The basic methodology of behavioural genetics is to compare similarities in personality between individuals who are and are not genetically related, or who are related to different degrees.
Humans are highly similar to each other genetically. About 90% of human genes are identical from one individual to another. Behavioural genetics concentrates on the approximately 10% of the human genome that does vary.
Behavioural genetics, like trait psychology, focuses exclusively on aspects of personality that differ from one individual to another. The inheritance of species-specific traits or traits that all humans share is examined later in evolutionary psychology.
The basic assumption of behavioural genetics is that if a trait is influenced by genes then it ought to be more highly correlated across pairs of identical (monozygotic:MZ) twins than across pairs of fraternal (dyzygotic

Z) twins, and more highly correlated across closer genetic relatives than across more distant genetic relatives.

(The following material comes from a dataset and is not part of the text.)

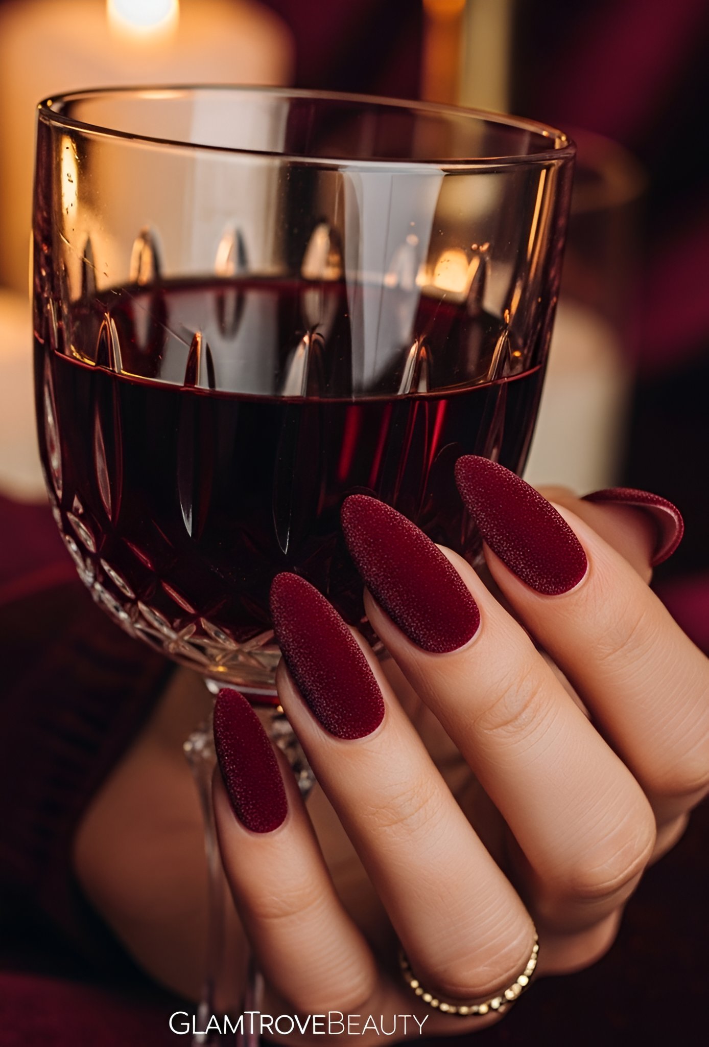 Deep and dramatic, velvet-textured wine red nails add instant luxe. Try flocking powder or shimmer polish for that soft, plush look.
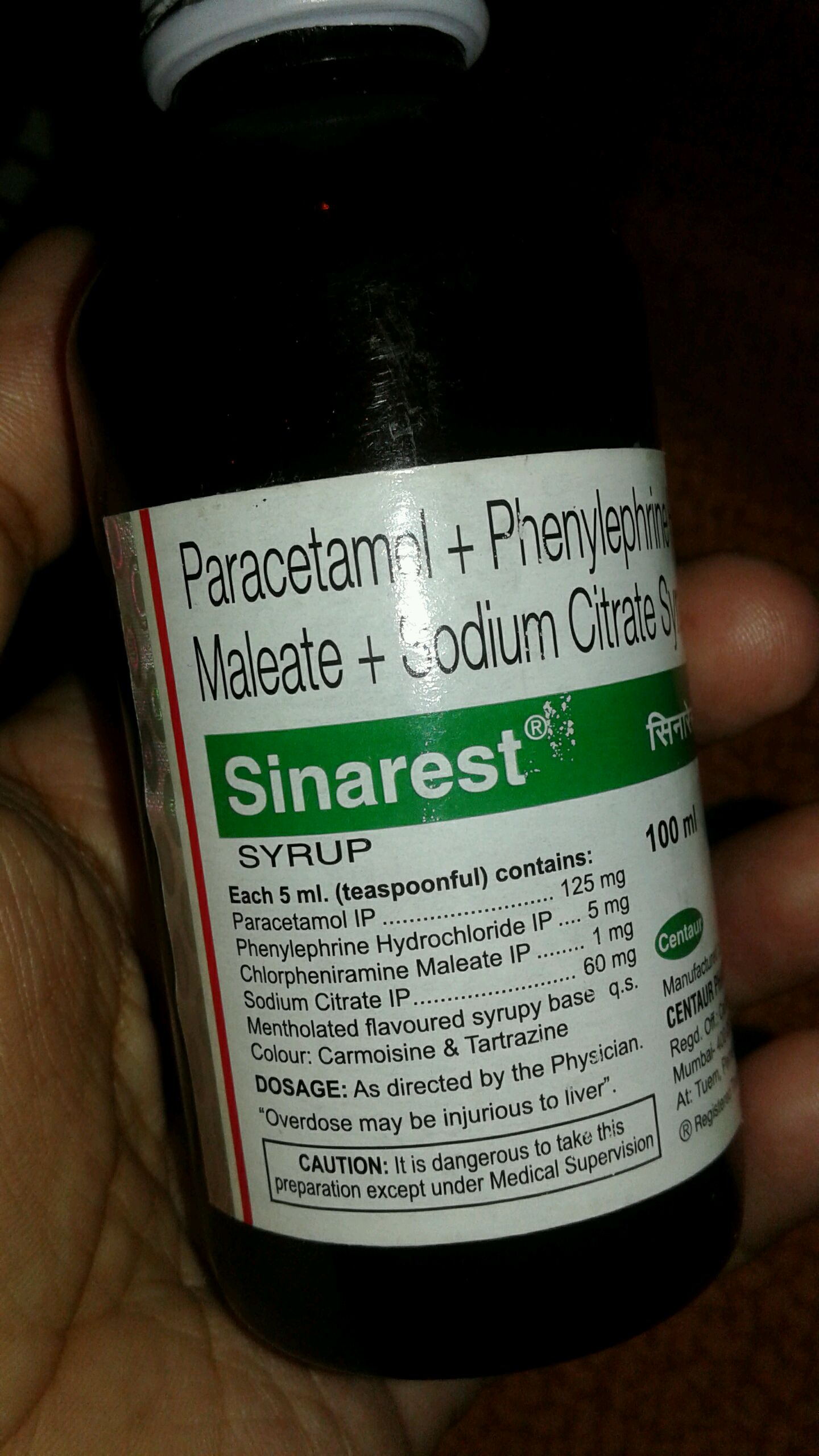 Sinarest Syrup Images This medicine is not recommended for use in children less than 2 years of age. Sinarest syrup is used for common cold symptoms etc. Sinarest syrup is a combination medicine used for the treatment of common cold and cough associated with fever. Sinarest syrup is a fixed dose combination of paracetamol 125 mg, phenylephrine hydrochloride 5 mg, chlorpheniramine maleate 1. Sinarest Syrup Images.

Across many personality traits the average correlation across MZ twins is .50 and across DZ twins is .30 (e.g. Bouchard & McGue, 1990; Loehlin & Nichols, 1976). Thus according to twin studies average heritability of most personality traits is .40. This is interpreted to mean that the proportion of behavioural variance that can be explained by genetic variance is 40%. (This is a heritability coefficient i.e. a percentage not a correlation coefficient).
Heritability of the Big Five personality factors
Are the Big 5 traits influenced by our genes? A number of twin studies have explicitly examined the heritability of C, A, O, N, and E.
Evidence of heritability for conscientiousness(Jang, McCrae, Angleimer, Riemann, & Livesey, 1998)
Evidence of heritability for agreeableness (Jang, Livesey, & Vernon, 1996)
Evidence of heritability for openness to experience (Loehlin, 1992)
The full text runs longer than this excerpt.